Nerves are made out of axons like the wire that's in an electrical cord. There is an axon, or wire, that transmits the energy. The axon is covered with a coating called a myelin sheath, which protects it, and also keeps the electricity that is traveling along the axon from leaking out. (From Sophie at Anser Charter School in Boise)

3: When you get older, will you get more nerves?

You generally don't grow more nerves. You can heal an injured nerve if the injury is not too deep. If you injure the myelin sheath, or coating, of a nerve, you can regrow the coating. That's what happens when you bruise your funny bone. If you actually injure the axon of a nerve, most of the time, it doesn't re-grow. (From Olivia at Anser Charter School in Boise)

4: What does the nervous system look like?

If you look at the nervous system without any covering or with the naked eye, it would look whitish and a lot like firm jello. If you look at it microscopically, you would see bundles of nerves going up and bundles of nerves going down. It would look a lot like electrical cords bundled together. (From Henri at Cynthia Mann Elementary School in Boise)

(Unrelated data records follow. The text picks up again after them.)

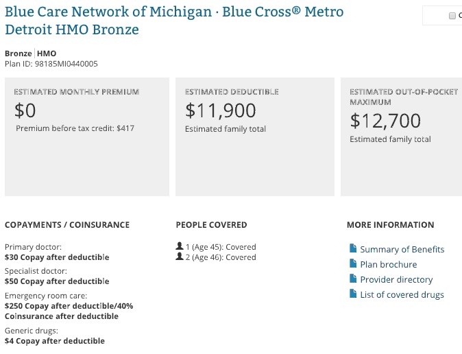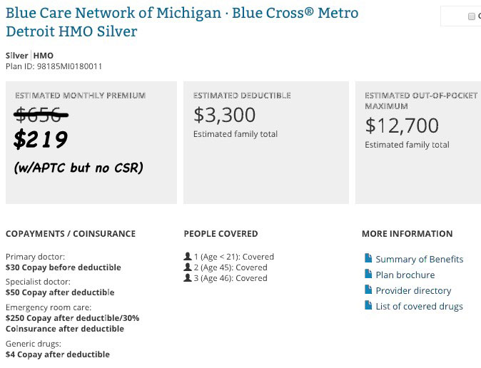 The difference this makes can be striking. Let's say that my wife, son and I happened to have a household income of $30,000/year here in Oakland County, Michigan. Our APTC subsidy would be $437/month, meaning that we could get a Bronze plan from Blue Cross Blue Shield of Michigan without having to pay a dime in premiums, which is awesome!
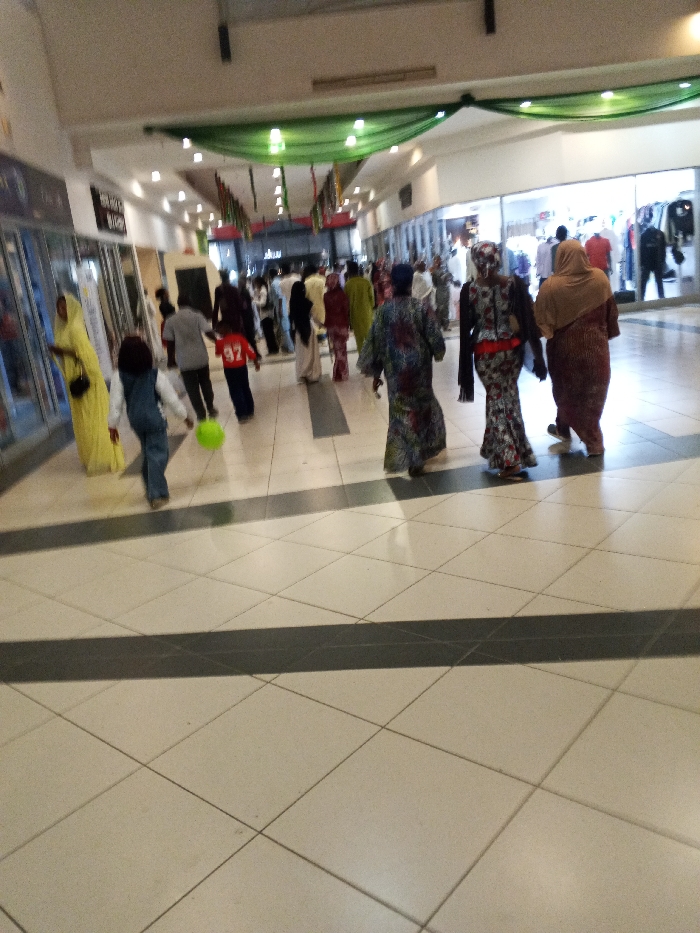 A shopping mall hallway is filled with people. Many are wearing traditional dresses. A child kicks a green ball. Decorations hang from the ceiling. Shop windows are visible on both sides of the hallway. The floor is tiled in a light color with dark diagonal stripes.
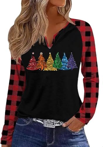 Earlymemb Womens Coloful Christmas Tree V Neck Shirt Funny Xmas Star Buffalo Plaid Raglan Sleeve Tee Holiday Party Family Matching Winter Tops(L,C-Black-5)
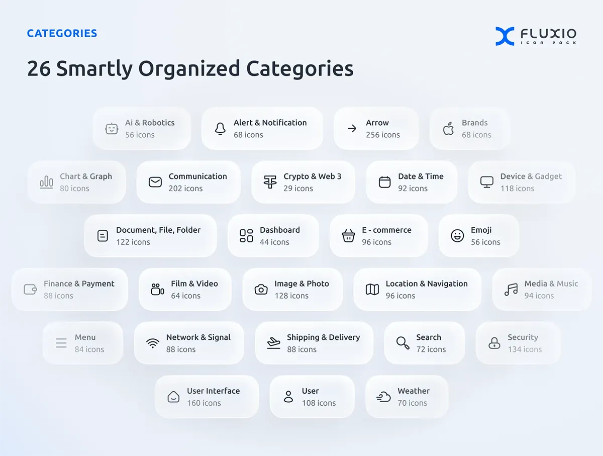 2400款全套通用网站App应用网页小程序仪表盘线性icon图标素材 Fluxio Icon Pro

5: How fast does it take for your brain to recognize that it got hurt?

The nerve fibers that sense discomfort or pain transmit messages very, very quickly in order to keep you from being hurt. If you touch a hot pan, those nerves transmit the message very quickly in order to get you to pull your hand away from the hot pan as soon as possible and avoid further injury. It would be in the range of 200 miles per hour. (From Harrison at Anser Charter School in Boise)

6: Why do nerves respond so fast?

Nerves respond quickly in order to keep you out of danger. If you step on a tack, then the nerve that you stimulated by doing that has to travel very quickly up to your brain to keep you from stepping on it further. Then a message travels back down allowing you to quickly step off the tack. This fast response helps keep you out of danger. (From Reid at Cynthia Mann Elementary School in Boise)

7: Why does a nerve not regenerate when it gets harmed?

Some nerves do regenerate. In the peripheral nervous system, the arms and legs, if a nerve is injured, it can sometimes re-grow if it hasn't been injured too severely. Most of the time, they don't. The number we are born with is the number that we get. You have to take good care of your nerves. (From Grant at Anser Charter School in Boise)

8: Does the nervous system create fear?

The nervous system doesn't create fear. It responds to fear. If you are walking in the woods and a bear shows up, your eyes see the bear. A message is then sent to the rest of the brain and the brain reacts, or responds, to that stimulation. (From Cooper at Anser Charter School in Boise)

9: What makes people ticklish?

There isn't a specific answer to that. The thought is that ticklish areas, like the bottom of your feet or under your arms, tend to be vulnerable. When they feel that something is going to happen, they withdraw for protection. (From Maddie at Trail Wind Elementary School in Boise)

10: Why does it hurt so much when you hurt your elbow?

It's not funny even though it is called the funny bone. The ulnar nerve is a nerve that goes to the pinky finger and half of the ring finger. It travels through a bony canal in the elbow. That groove of the canal in the elbow does not have a lot of protection. If you bang it, you actually bruise or shock the nerve. (From Wesley at Anser Charter School in Boise)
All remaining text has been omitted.